Problem details. Leave out the pictures and reproduce all of the data exactly.

===== Collected material =====

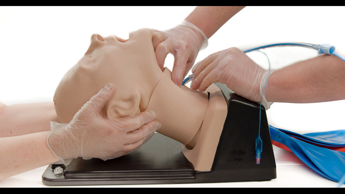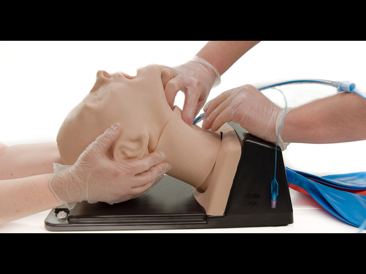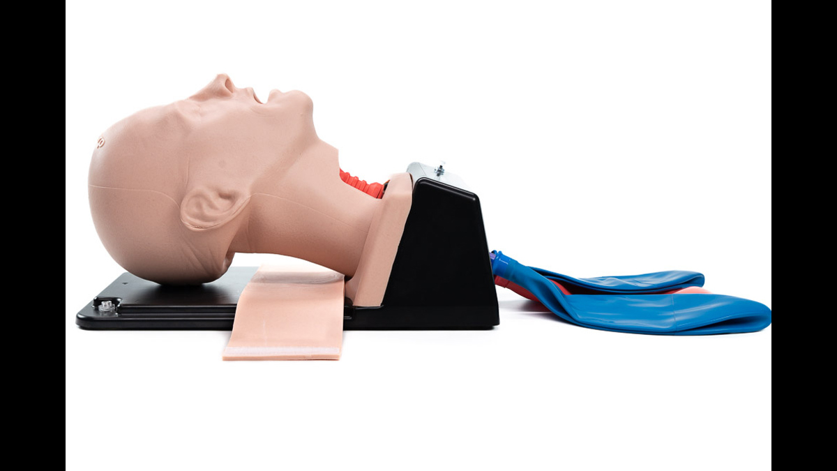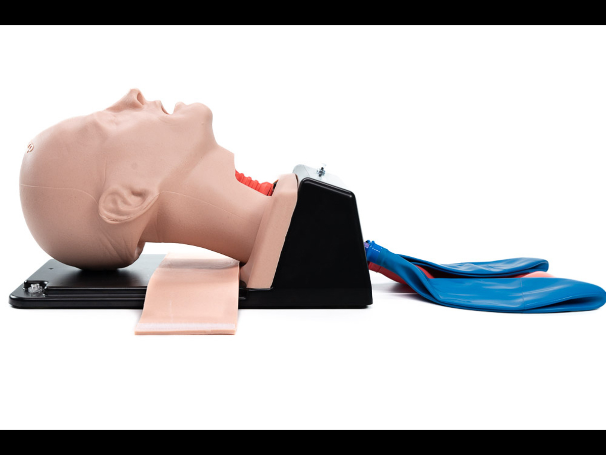 - Realistiska drag såsom: kännbara broskringar, krikoidalbrosk och larynxbrosk för att underlätta identifiering av halsgropen
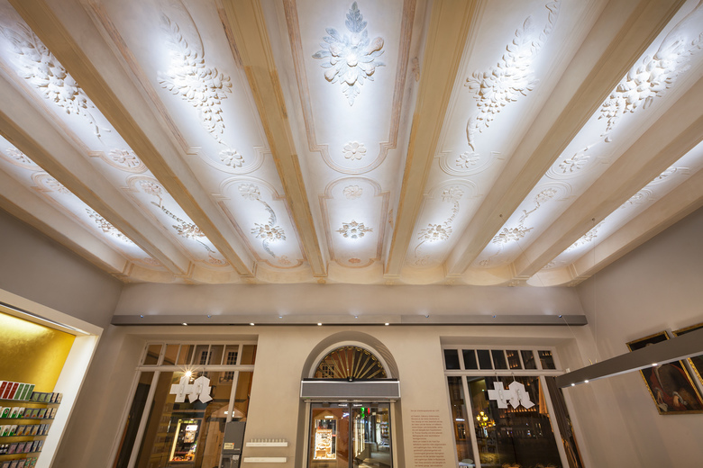 - Farbkonzept für Waren und Verkaufsbereich mit kühler Lichtfarbe 4.200 K und Aufenthaltsbereiche mit historischen Elementen in Warmton 3.000 K. Ausnahme ist die „Kölner Decke“ mit 5.000 K / CRI 95 mit einer sehr guten "Weißtonwiedergabe“.
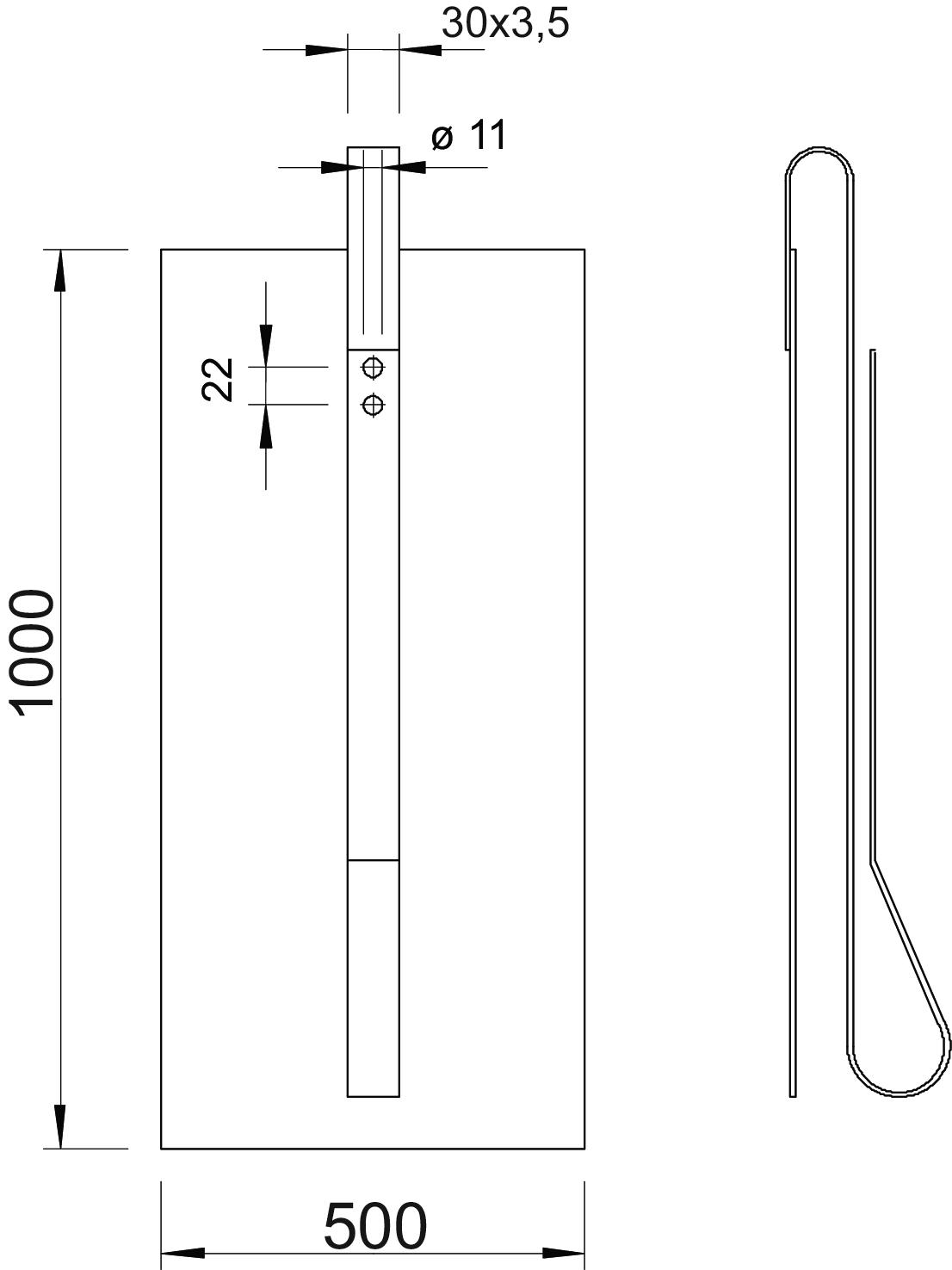 • Z 3 m przyłaczem z płaskownika FL 30 x 3,5

=====

Response.
 - Realistiska drag såsom: kännbara broskringar, krikoidalbrosk och larynxbrosk för att underlätta identifiering av halsgropen
 - Farbkonzept für Waren und Verkaufsbereich mit kühler Lichtfarbe 4.200 K und Aufenthaltsbereiche mit historischen Elementen in Warmton 3.000 K. Ausnahme ist die „Kölner Decke“ mit 5.000 K / CRI 95 mit einer sehr guten "Weißtonwiedergabe“.
 • Z 3 m przyłaczem z płaskownika FL 30 x 3,5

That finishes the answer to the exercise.